- **RECORDS SUPPLIED**:
········
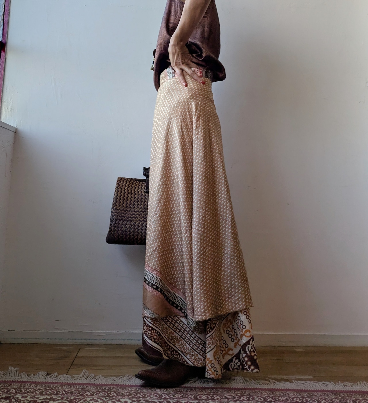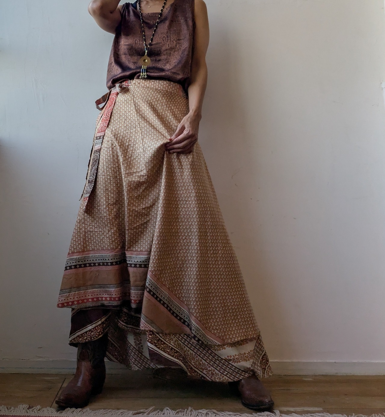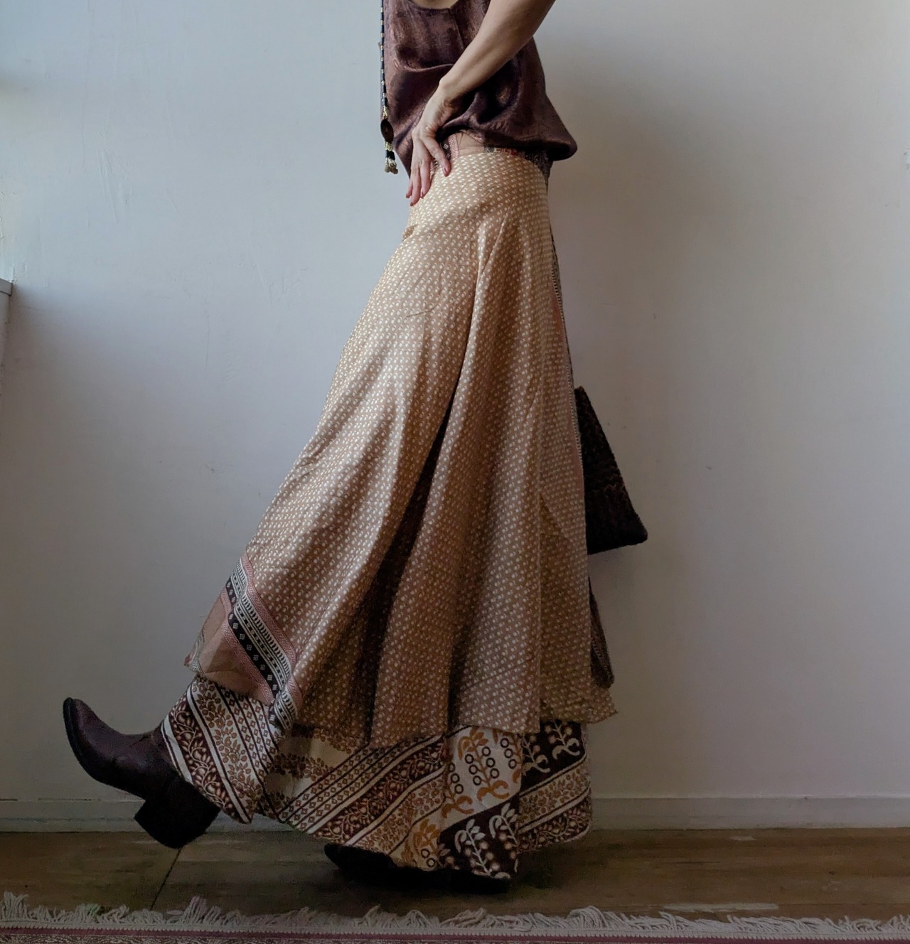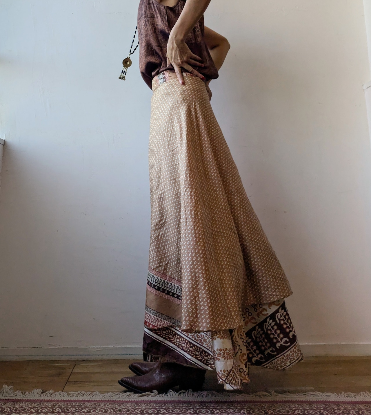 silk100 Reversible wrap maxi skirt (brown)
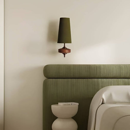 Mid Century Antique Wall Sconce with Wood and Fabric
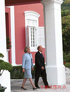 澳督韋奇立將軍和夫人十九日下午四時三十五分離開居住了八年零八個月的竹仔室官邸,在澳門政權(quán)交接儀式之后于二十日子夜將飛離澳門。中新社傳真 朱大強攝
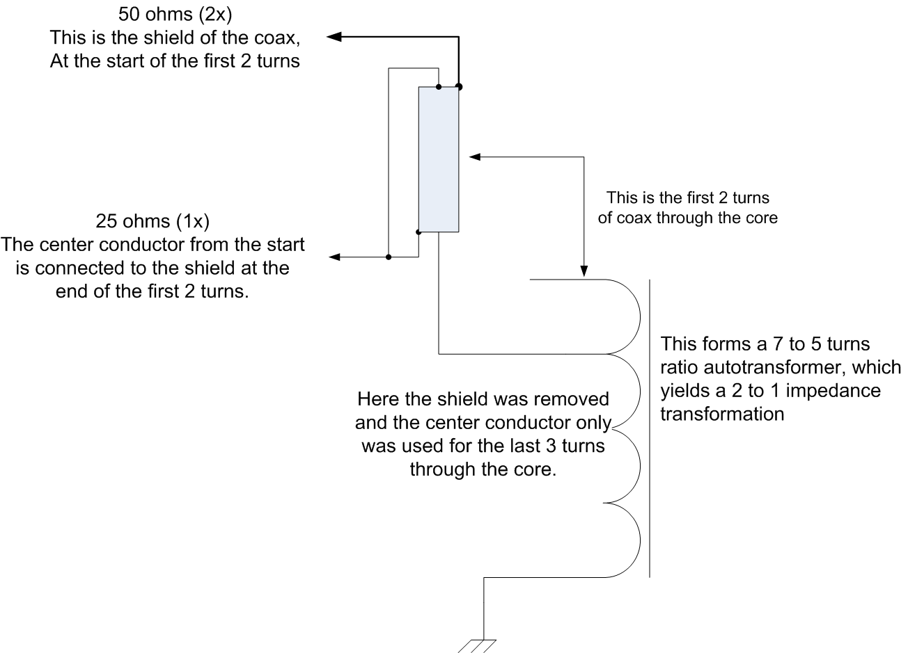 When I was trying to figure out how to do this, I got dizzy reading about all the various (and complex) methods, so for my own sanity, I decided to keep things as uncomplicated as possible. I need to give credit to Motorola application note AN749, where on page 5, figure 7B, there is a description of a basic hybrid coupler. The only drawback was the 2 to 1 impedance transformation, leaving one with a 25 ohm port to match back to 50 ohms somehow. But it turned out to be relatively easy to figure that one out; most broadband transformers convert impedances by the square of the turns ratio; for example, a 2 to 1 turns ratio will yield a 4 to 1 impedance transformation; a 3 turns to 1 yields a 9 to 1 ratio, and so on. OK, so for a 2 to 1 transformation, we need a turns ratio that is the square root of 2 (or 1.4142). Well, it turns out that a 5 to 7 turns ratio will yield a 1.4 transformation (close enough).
········
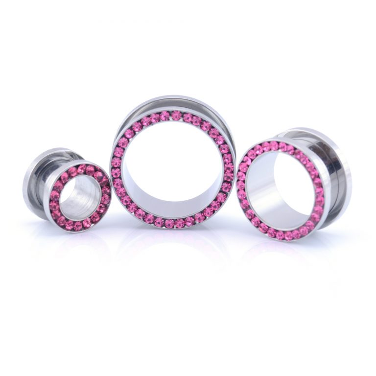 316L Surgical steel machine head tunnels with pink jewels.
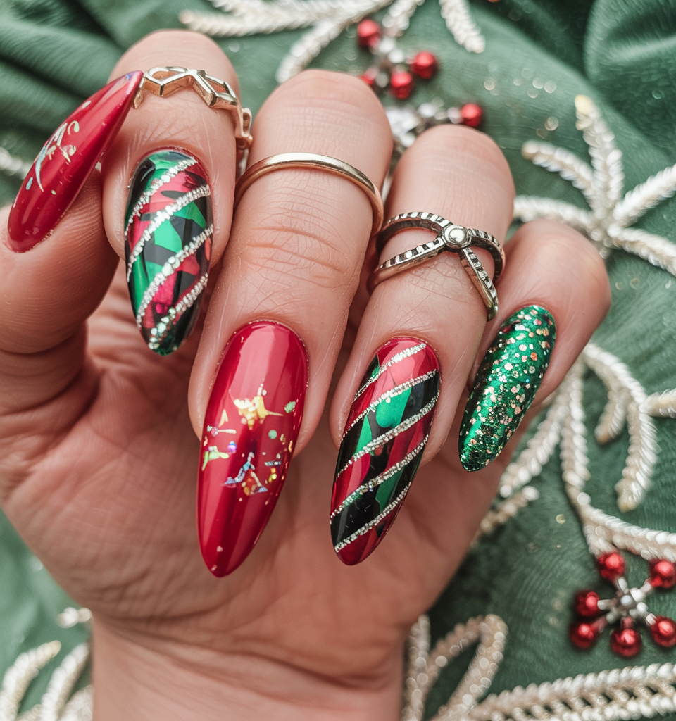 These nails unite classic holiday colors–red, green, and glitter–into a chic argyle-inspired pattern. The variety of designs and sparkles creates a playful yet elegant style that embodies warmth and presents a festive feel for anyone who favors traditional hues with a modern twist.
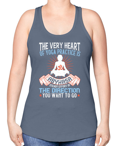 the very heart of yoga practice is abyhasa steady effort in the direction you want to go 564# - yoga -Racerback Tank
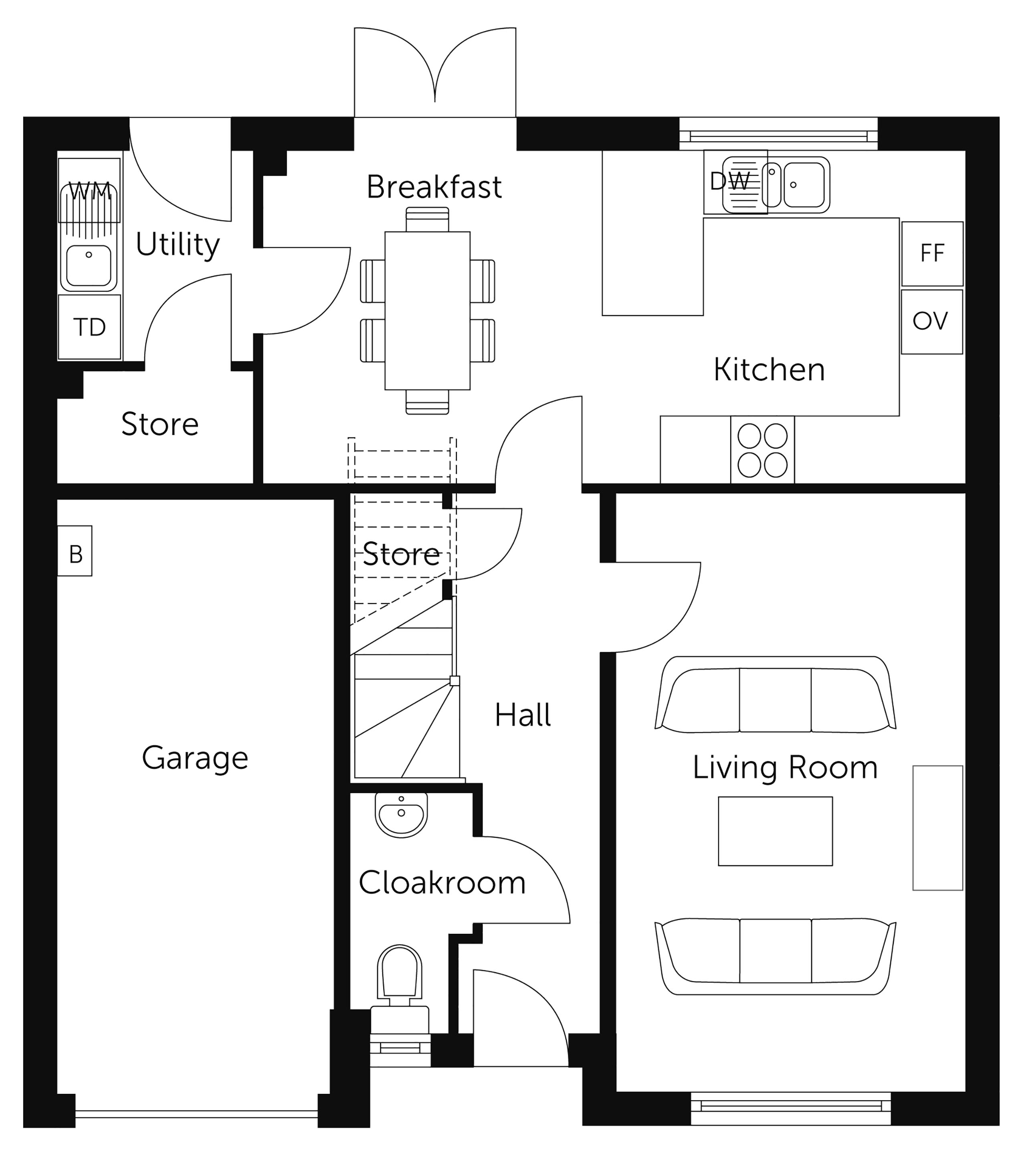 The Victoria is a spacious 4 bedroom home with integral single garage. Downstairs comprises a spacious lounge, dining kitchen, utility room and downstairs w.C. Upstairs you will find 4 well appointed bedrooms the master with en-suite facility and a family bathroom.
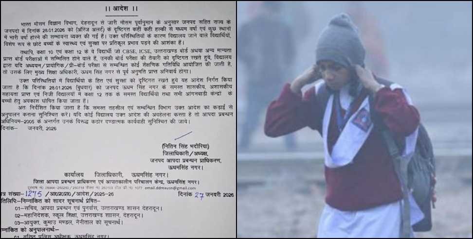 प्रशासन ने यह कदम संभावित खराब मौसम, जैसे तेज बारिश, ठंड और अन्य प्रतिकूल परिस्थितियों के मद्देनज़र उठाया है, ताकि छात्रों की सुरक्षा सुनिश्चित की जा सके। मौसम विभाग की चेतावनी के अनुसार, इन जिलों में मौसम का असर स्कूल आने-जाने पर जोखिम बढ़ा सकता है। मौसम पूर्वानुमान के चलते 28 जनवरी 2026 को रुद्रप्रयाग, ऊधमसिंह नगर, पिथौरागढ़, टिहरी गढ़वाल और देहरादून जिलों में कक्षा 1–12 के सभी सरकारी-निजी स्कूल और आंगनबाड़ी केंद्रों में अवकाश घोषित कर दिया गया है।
········
In the listing above, find the line with "silk100 Reversible wrap maxi skirt (brown)" and the line with "澳督韋奇立將軍和夫人十九日下". Set down both and every line between them, minus the pictures.

 silk100 Reversible wrap maxi skirt (brown)
 Mid Century Antique Wall Sconce with Wood and Fabric
 澳督韋奇立將軍和夫人十九日下午四時三十五分離開居住了八年零八個月的竹仔室官邸,在澳門政權(quán)交接儀式之后于二十日子夜將飛離澳門。中新社傳真 朱大強攝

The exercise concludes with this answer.